Rick Weber created HDFS-17392:
---------------------------------

             Summary: NameNode rolls frequently with "EC replicas to be deleted 
are not in the candidate" error
                 Key: HDFS-17392
                 URL: https://issues.apache.org/jira/browse/HDFS-17392
             Project: Hadoop HDFS
          Issue Type: Bug
          Components: namenode
    Affects Versions: 3.3.6
            Reporter: Rick Weber


Recently upgraded my clusters from Hadoop v3.3.4 to Hadoop v3.3.6 and noticed a 
lot of Namenode instability.  Basically after about 1 hour, the active namenode 
shuts down and the "next" one takes over.
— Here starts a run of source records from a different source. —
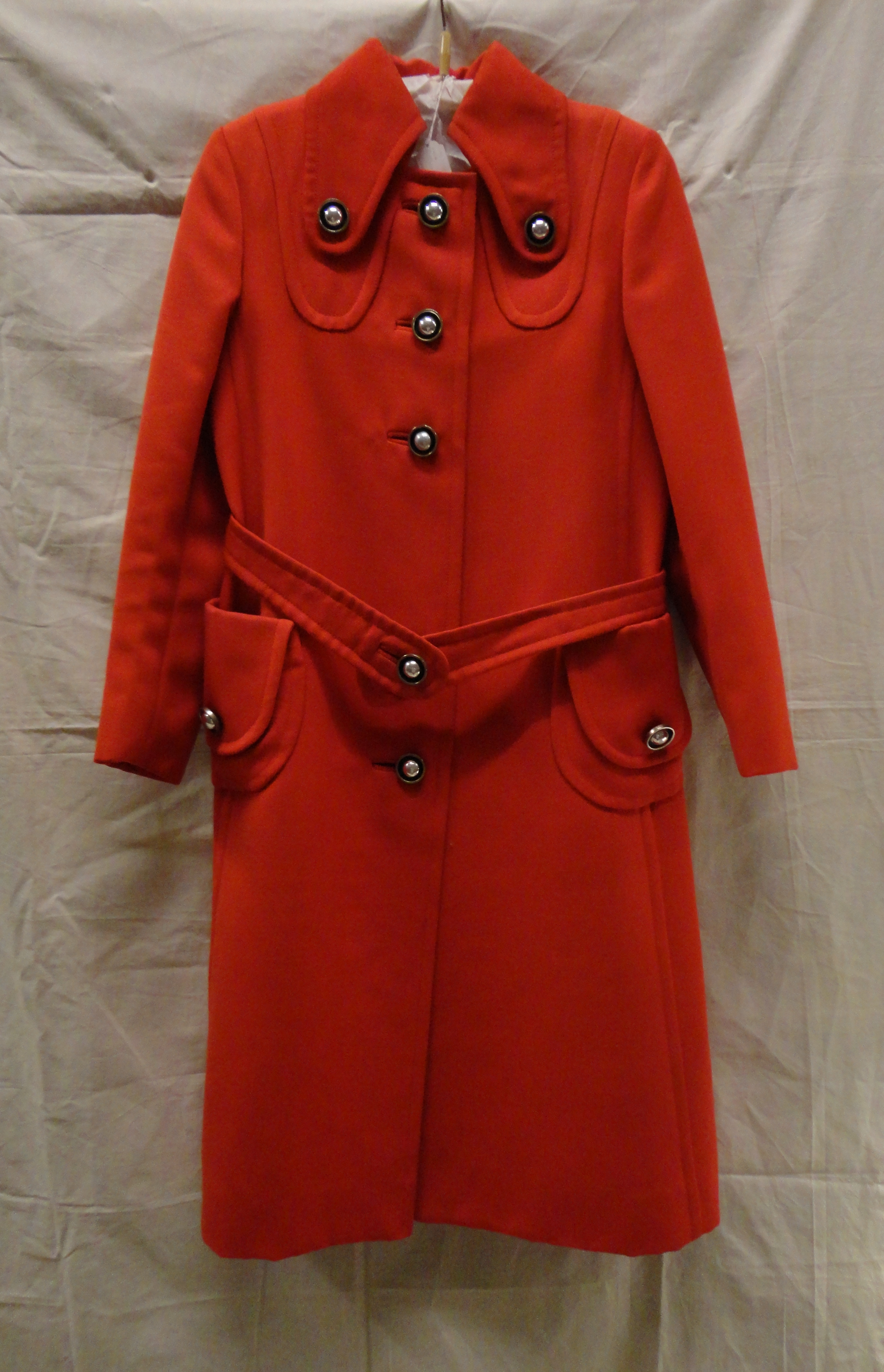 Mantel met ceintuur van rode wol, rond afgewerkt
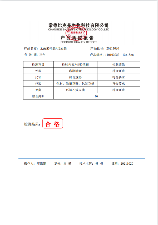 無(wú)菌采樣袋 12x18 (帶壓條) 100個(gè)裝 110102022 20211020
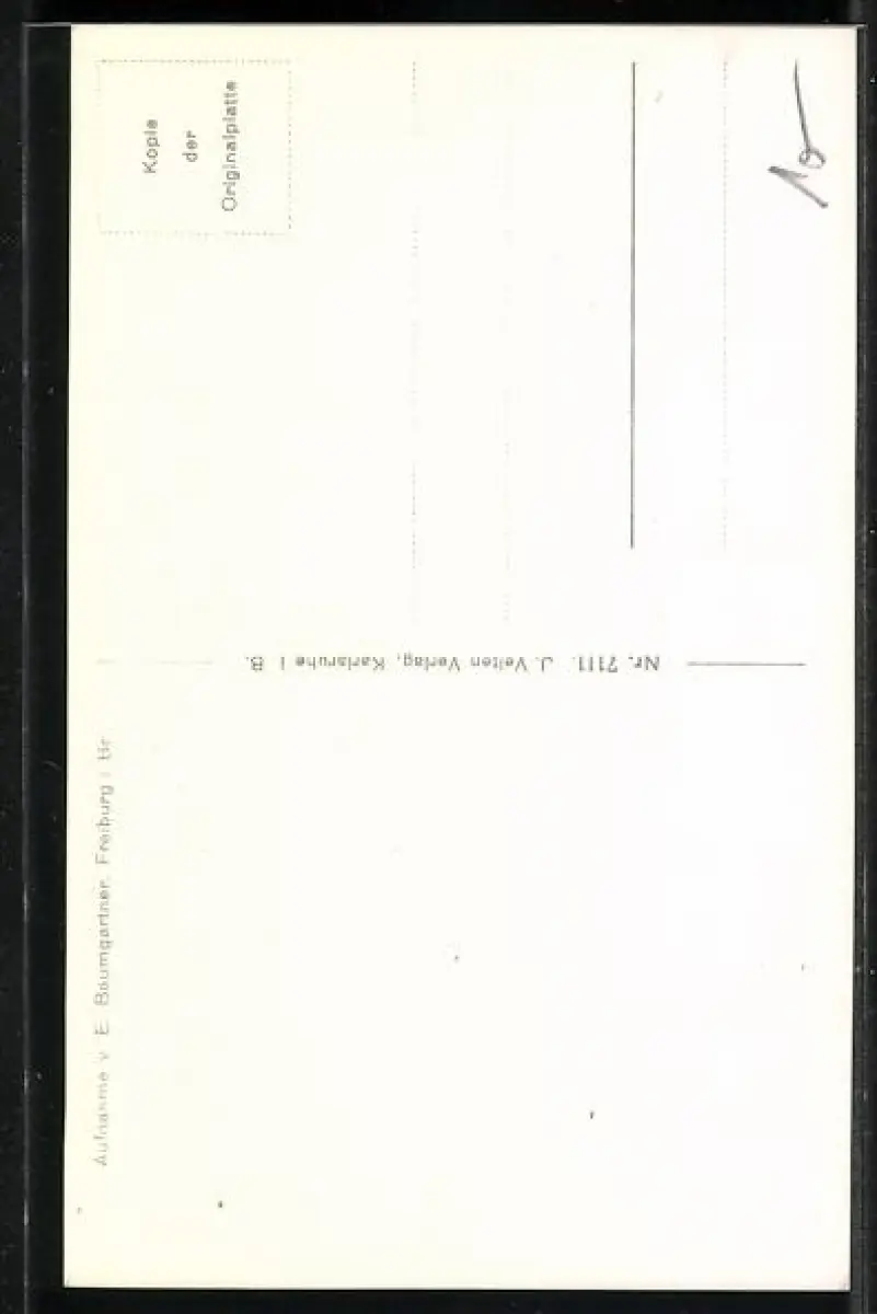 Personenbezogene Daten auf der Rückseite der Karte wurden durch blauen Textmarker unkenntlich gemacht. Die blauen Stellen sind auf die Vorderseite durchgeweicht und wirken sich negativ auf das Postkartenfoto aus
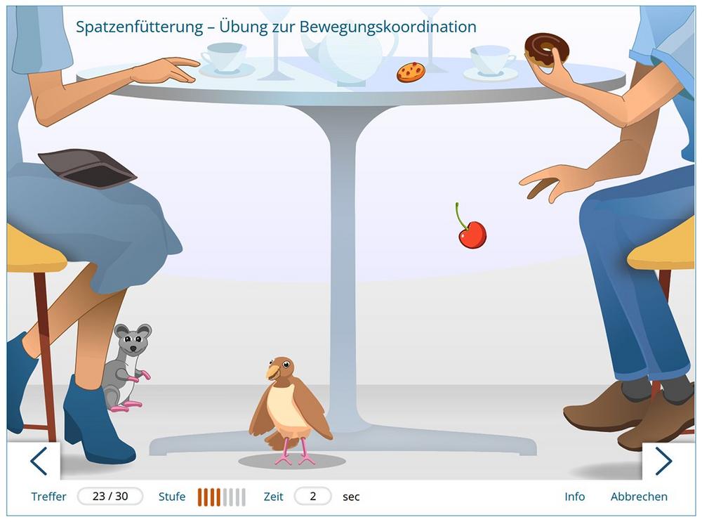 Die neue Übung Spatzenfütterung behandelt das Thema Bewegung und stärkt die kognitive Flexibilität und die Priorisierungsfähigkeiten. Mit dem simulierten Gefühl des Sich-Bewegens werden in diesem interaktiven Spiel insbesondere die Reaktionszeit, die geteilte Aufmerksamkeit und die Hand-Augen-Koordination beim Antizipieren der verschiedenen Bewegungsgeschwindigkeiten geschult. Helfen Sie dem Vogel beim Auffangen der vom Tisch herabfallenden Nahrung. Doch Vorsicht – nicht alles ist essbar und manchmal taucht eine Maus auf, die ihm Nahrung stiehlt. Wird die Maus nicht rechtzeitig vertrieben, wird der Spatz langsamer oder friert in der Bewegung kurz ein. Mit jeder Schwierigkeitsstufe steigt die Geschwindigkeit.
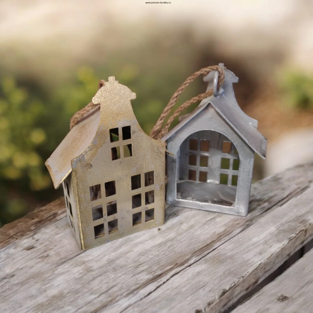 Domeček je vyrobený z plechu a je laděn do stříbrné a zlaté barvy. Domeček má rozměry 12 cm x 7 cm x 4 cm. Domeček je na jednu čajovou svíčku a hodí se jako skvělý doplňek na skříňku či konferenční stolek. Do poznámky prosím napiště jakou barvu chcete.
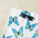 This beautiful beach towel is embellished with a pattern of butterflies in hues of blue and sand inspired by the beach. The special graphic pattern may be edited to change all of the colours for a unique look.
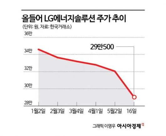 LG에너지솔루션은 이날 5.37% 하락한 29만500원에 마감했다. 장중 29만원까지 하락하며 52주 신저가를 기록했다. 공모가였던 30만원 아래로 떨어진 것은 2022년 1월 상장 이후 처음이다. 시가총액도 70조원 아래로 떨어지면서 시총 3위 자리를 삼성바이오로직스에 내줬다.
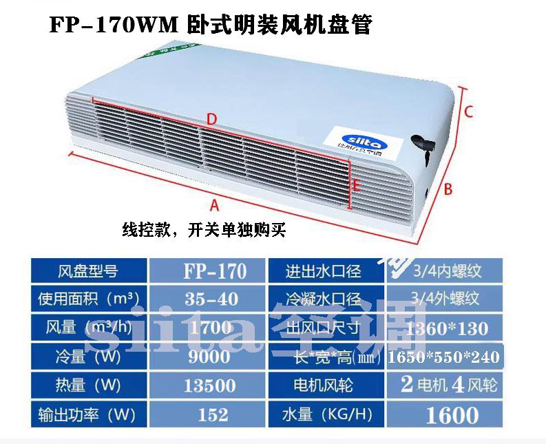 江西普通款卧式明装风机盘管型号,参数选型表格
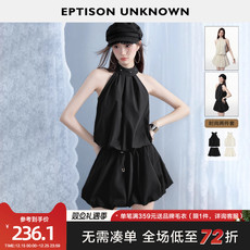 EPTISON时尚套装女2025夏季新款挂脖上衣白色短裙辣妹气质两件套
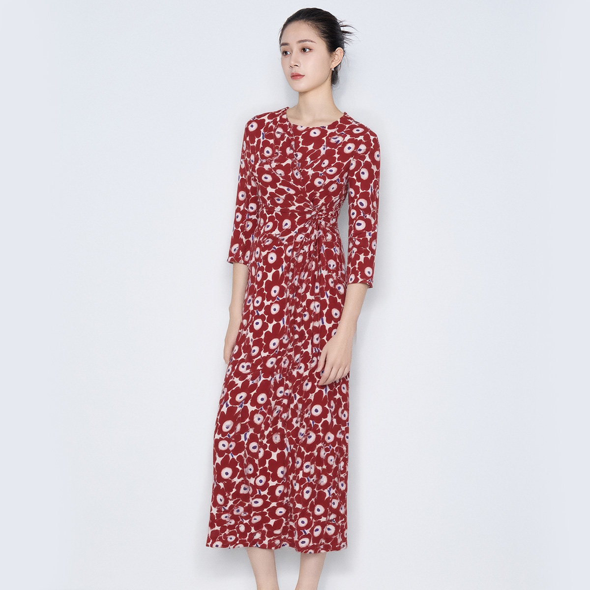 马天奴2025春夏新款红色印花连衣裙子圆领捏褶收腰时尚气质法式女

Looking into the shutdown reasons, I'm seeing errors similar to
{code:java}
2024-02-20 12:05:37,352 INFO 
org.apache.hadoop.hdfs.server.blockmanagement.BlockManager: Rescan of 
postponedMisreplicatedBlocks completed in 8 msecs. 6639943 blocks are left. 1 
blocks were removed.
2024-02-20 12:05:37,352 ERROR 
org.apache.hadoop.hdfs.server.blockmanagement.BlockManager: RedundancyMonitor 
thread received Runtime exception.
java.lang.IllegalArgumentException: The EC replicas to be deleted are not in 
the candidate list
    at 
org.apache.hadoop.thirdparty.com.google.common.base.Preconditions.checkArgument(Preconditions.java:144)
    at 
org.apache.hadoop.hdfs.server.blockmanagement.BlockManager.chooseExcessRedundancyStriped(BlockManager.java:4082)
    at 
org.apache.hadoop.hdfs.server.blockmanagement.BlockManager.chooseExcessRedundancies(BlockManager.java:3970)
    at 
org.apache.hadoop.hdfs.server.blockmanagement.BlockManager.processExtraRedundancyBlock(BlockManager.java:3957)
    at 
org.apache.hadoop.hdfs.server.blockmanagement.BlockManager.processMisReplicatedBlock(BlockManager.java:3898)
    at 
org.apache.hadoop.hdfs.server.blockmanagement.BlockManager.rescanPostponedMisreplicatedBlocks(BlockManager.java:2898)
    at 
org.apache.hadoop.hdfs.server.blockmanagement.BlockManager$RedundancyMonitor.run(BlockManager.java:5053)
    at java.lang.Thread.run(Thread.java:750)
2024-02-20 12:05:37,357 INFO org.apache.hadoop.util.ExitUtil: Exiting with 
status 1: java.lang.IllegalArgumentException: The EC replicas to be deleted are 
not in the candidate list {code}
Looking through the code path itself, there is a check for 
`Preconditions.checkArgument()` to ensure that a given block chosen for 
deletion is actually one of the valid blocks.  If not, then the NN shuts down.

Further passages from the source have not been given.